Data to examine
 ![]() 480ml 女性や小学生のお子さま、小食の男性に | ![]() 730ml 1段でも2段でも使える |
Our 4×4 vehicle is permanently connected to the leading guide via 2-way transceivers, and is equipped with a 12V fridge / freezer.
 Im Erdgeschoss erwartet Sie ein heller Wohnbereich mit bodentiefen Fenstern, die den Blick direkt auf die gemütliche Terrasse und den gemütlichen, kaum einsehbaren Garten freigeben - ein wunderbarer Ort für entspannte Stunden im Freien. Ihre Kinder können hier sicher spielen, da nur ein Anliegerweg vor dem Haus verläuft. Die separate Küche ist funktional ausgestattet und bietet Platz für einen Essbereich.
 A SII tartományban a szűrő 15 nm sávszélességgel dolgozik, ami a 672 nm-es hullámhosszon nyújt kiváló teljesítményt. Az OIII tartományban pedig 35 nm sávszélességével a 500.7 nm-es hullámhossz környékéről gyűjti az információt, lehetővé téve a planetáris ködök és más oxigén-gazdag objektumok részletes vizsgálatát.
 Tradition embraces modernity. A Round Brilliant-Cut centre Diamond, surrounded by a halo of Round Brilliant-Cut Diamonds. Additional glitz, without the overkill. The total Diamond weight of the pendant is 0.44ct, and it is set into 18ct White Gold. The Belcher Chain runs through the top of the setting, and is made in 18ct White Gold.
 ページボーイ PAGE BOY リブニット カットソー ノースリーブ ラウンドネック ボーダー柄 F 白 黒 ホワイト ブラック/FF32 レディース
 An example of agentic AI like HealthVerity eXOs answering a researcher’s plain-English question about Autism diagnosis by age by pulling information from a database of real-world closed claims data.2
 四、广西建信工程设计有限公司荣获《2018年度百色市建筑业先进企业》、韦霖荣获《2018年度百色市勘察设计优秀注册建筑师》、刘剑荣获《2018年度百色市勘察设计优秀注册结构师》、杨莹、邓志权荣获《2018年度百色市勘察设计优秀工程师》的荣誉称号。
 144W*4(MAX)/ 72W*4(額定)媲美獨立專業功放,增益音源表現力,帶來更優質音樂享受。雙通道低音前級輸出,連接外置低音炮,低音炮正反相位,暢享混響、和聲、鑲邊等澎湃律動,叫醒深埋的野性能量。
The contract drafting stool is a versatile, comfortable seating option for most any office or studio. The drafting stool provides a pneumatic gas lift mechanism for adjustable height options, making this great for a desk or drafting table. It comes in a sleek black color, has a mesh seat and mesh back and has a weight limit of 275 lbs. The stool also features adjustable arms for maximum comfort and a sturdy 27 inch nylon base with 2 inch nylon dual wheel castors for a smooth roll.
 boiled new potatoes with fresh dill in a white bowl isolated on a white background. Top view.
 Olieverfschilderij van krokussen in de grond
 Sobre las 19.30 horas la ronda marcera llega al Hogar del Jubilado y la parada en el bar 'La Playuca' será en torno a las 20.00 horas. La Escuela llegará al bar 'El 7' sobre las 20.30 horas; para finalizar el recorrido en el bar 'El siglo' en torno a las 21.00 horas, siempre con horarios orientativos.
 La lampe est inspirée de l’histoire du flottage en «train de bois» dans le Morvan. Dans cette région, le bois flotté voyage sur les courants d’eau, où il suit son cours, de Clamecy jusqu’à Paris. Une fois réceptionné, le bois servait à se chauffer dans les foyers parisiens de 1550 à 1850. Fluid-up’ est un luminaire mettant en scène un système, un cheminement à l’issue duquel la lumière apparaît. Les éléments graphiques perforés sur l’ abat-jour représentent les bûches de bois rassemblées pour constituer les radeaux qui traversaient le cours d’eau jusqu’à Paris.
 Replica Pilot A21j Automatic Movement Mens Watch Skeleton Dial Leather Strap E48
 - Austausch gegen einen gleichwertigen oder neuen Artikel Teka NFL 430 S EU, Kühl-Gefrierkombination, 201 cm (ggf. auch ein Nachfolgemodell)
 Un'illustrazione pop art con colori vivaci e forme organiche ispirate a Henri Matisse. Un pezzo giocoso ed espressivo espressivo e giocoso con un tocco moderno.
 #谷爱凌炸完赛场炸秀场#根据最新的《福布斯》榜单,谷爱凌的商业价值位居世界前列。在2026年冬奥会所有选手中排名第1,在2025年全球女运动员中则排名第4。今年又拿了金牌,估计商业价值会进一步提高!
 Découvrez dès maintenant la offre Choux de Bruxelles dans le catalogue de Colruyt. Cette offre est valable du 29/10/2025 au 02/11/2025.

Exercise prompt
Look through the entries above and work out how many lines contain the string "weight". Give that number alone.

Written reply
2